Envisager de traiter les lésions pigmentées épidermiques avec un laser vasculaire
Bien qu’il existe de nombreux lasers pour cibler les pigments, les spécialistes de la chirurgie laser ont tout intérêt à maximiser le nombre d’applications cliniques permises par chacun de leurs dispositifs. Parfois, un laser déclenché ou picoseconde n’est pas disponible, ou un patient traité pour une lésion vasculaire pourrait également profiter du traitement d’une lésion pigmentée épidermique au cours de la même séance. Le ciblage d’un pigment épidermique avec les « lasers vasculaires » classiques est plus efficace si on utilise une tache laser de petite taille pour effectuer un traitement focal du pigment, des durées d’impulsion plus courtes pour respecter le temps de relaxation thermique des structures pigmentées, et un refroidissement réduit pour favoriser certaines lésions épidermiques. Le ciblage du pigment épidermique doit être de nature conservatrice afin d’éviter l’atteinte du pigment endogène et la modification pigmentaire post-inflammatoire résultante. En particulier, le traitement de choix de l’auteur pour les petites kératoses séborrhéiques/la dermatose papuleuse noire est le « laser KTP » à impulsion longue9 (Figure 5). Le critère biologique recherché dans ces cas est une desquamation ou un grisonnement modéré de la lésion, qui peut être accompagné d’un léger bruit de « pop » ou de « clic ». L’empilement des impulsions est souvent nécessaire pour atteindre le critère recherché dans cette situation clinique.

Figure 5. petites kératoses séborrhéiques/dermatose papuleuse noire traitées par une séance laser KTP 532 nm; image reproduite avec l’aimable autorisation du Dr Vincent Richer
Identifier les patients mieux adaptés à la lumière intense pulsée qu’au laser vasculaire
La lumière intense pulsée (LIP) est une technologie largement répandue où une lumière non cohérente à large bande est émise entre ~500 nm et 1 200 nm.

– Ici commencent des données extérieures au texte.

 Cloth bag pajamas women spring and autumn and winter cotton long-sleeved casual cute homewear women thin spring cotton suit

Sa grande pièce à main équipée d’un cristal est facile à utiliser pour le traitement de larges surfaces, notamment les traitements du visage entier ou du décolleté. Des filtres peuvent être utilisés pour sélectionner les longueurs d’onde les mieux adaptées au traitement des structures vasculaires ou des pigments. Le grand nombre de chromophores cibles dans la peau permet l’utilisation de la LIP avec une fenêtre thérapeutique très étroite. La mélanine endogène peut être fortuitement ciblée pendant le traitement et, par conséquent, cette modalité de traitement convient mieux aux patients dont la peau est claire et présente des lentigos solaires et des télangiectasies (Figure 6). Comme le laser vasculaire, la LIP peut également être utilisée pour un traitement ciblant l’atteinte d’un certain critère biologique afin d’obtenir des résultats optimaux.

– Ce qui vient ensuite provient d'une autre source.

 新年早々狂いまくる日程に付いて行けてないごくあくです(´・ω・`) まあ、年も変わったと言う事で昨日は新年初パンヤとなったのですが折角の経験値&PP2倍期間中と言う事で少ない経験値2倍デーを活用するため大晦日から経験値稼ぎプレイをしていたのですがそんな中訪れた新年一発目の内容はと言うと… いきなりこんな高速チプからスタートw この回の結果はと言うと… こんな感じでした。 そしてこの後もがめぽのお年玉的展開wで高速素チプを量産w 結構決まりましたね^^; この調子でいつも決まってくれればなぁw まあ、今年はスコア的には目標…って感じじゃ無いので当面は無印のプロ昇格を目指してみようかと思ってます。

Figure 6. traitement des lentigos solaires et des télangiectasies par une séance de LIP ciblant l’obtention des critères biologiques recherchés; image reproduite avec l’aimable autorisation du Dr Vincent Richer
Conclusion
Le traitement de patients avec un laser vasculaire est une suite logique du travail d’un dermatologue. Grâce à un diagnostic précis, à une solide connaissance des interactions entre le laser et la peau et à un examen attentif de la peau afin de détecter la présence des critères biologiques recherchés pendant l’intervention, les dermatologues peuvent offrir un traitement sûr et efficace des lésions vasculaires au moyen du laser.
Données et photos des patients utilisées avec la permission de Vincent Richer, M.D.